### YOUR TASK
Restate exactly, and only, the lines from the one with "SDET is one" through the end of the data, with both of those end lines kept. Drop any pictures.
***** RAW DATA
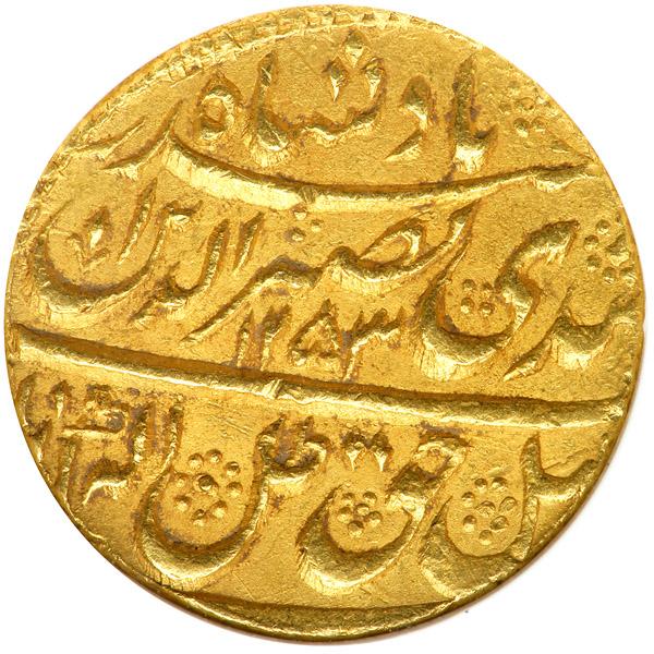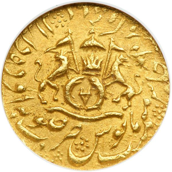 India - Awadh. Gold Ashra (Mohur), AH1253 Year 10. Fr-1013 var; KM-date unlisted. Nasir Al-Din Haider, AH1243-1253 (1827-1837AD). Suba Awadh Dar al-Sultanat Lakhnau. Reverse: Coat of arms. Rare. NGC graded MS-62.
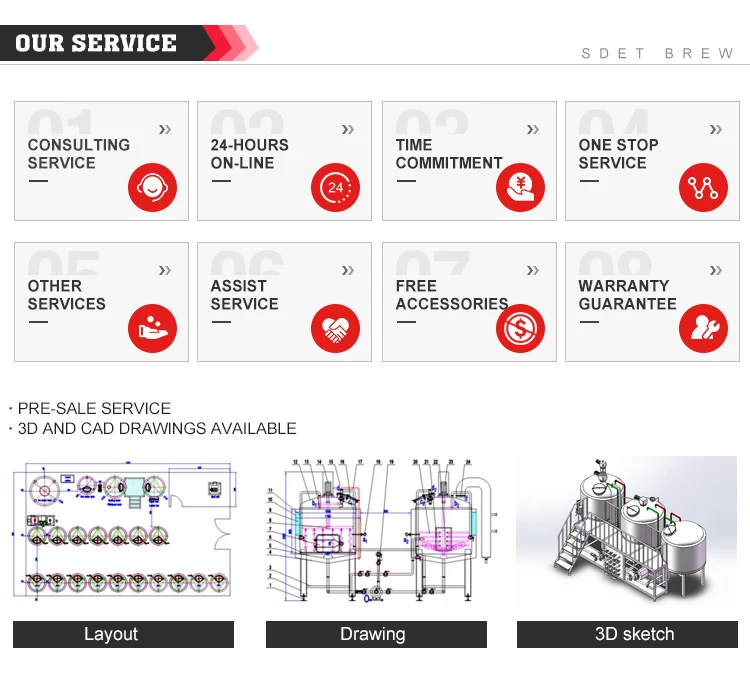 SDET is one of the most well-known beer brewery equipment supply companies in China which has 40 years brewing experience and more than 10 years manufacturing experience.Our company combines both the world’s most sophisticated brewing technology with economical prices in order to provide our customers with the best equipment at an affordable price. Our product line caters to every possible customer in the market: from pilot systems / home brewery equipment to microbrewery equipment / macrobrewery as well as renovating or upgrading current commercial beer brewing equipment. If you are unsure as to what products to select or where to start, we will help you find EXACTLY what you are looking for.
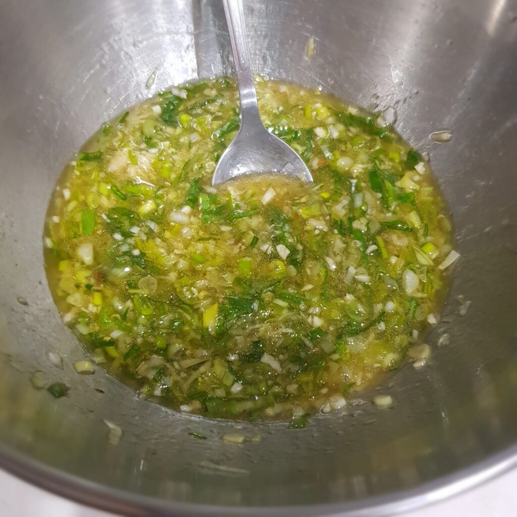 - In a bowl, add 5 stalks of chopped spring onion, 2 cloves of finely chopped garlic, and 1 inch piece of grated ginger.
**********
### RESULT BELOW
 SDET is one of the most well-known beer brewery equipment supply companies in China which has 40 years brewing experience and more than 10 years manufacturing experience.Our company combines both the world’s most sophisticated brewing technology with economical prices in order to provide our customers with the best equipment at an affordable price. Our product line caters to every possible customer in the market: from pilot systems / home brewery equipment to microbrewery equipment / macrobrewery as well as renovating or upgrading current commercial beer brewing equipment. If you are unsure as to what products to select or where to start, we will help you find EXACTLY what you are looking for.
 - In a bowl, add 5 stalks of chopped spring onion, 2 cloves of finely chopped garlic, and 1 inch piece of grated ginger.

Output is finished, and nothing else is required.